• [Task to carry out] Among the records below, find the line with "作った川に水を流すと、川の周" and the line with "Sleek and sculpted, these". Set down both and every line between, exactly and with no pictures, but nothing else.

• [The data]
####################
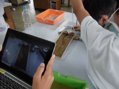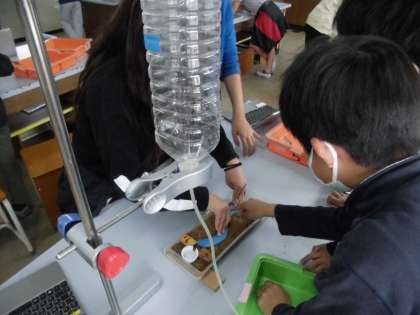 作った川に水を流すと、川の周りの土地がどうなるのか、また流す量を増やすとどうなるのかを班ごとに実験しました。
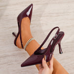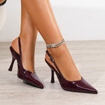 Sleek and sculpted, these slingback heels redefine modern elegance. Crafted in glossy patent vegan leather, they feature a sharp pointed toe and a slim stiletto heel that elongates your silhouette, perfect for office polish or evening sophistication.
####################
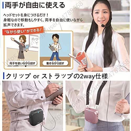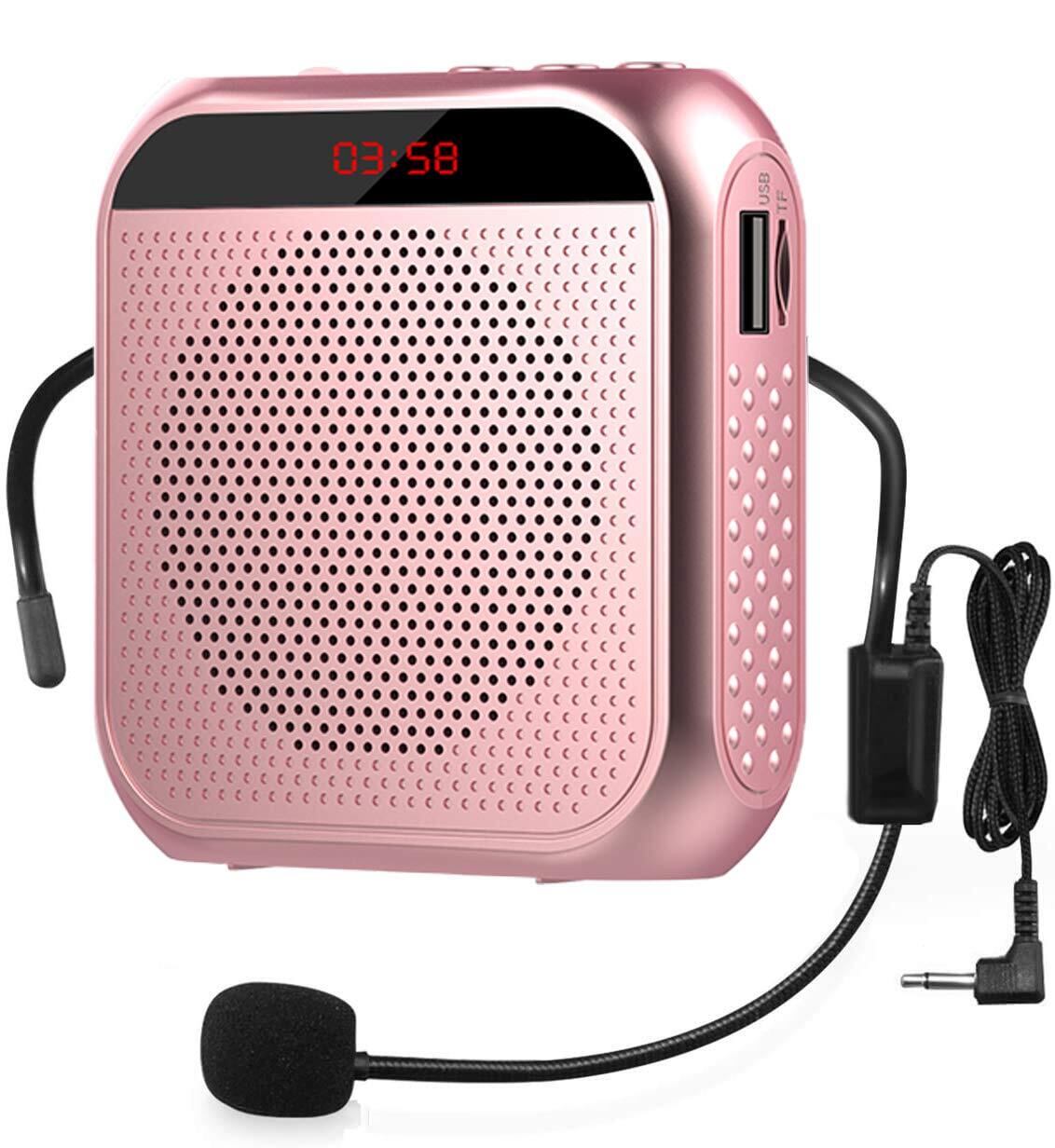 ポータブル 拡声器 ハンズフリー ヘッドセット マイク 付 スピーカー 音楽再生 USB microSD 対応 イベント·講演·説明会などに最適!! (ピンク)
####################
• [Written solution]
 作った川に水を流すと、川の周りの土地がどうなるのか、また流す量を増やすとどうなるのかを班ごとに実験しました。
 Sleek and sculpted, these slingback heels redefine modern elegance. Crafted in glossy patent vegan leather, they feature a sharp pointed toe and a slim stiletto heel that elongates your silhouette, perfect for office polish or evening sophistication.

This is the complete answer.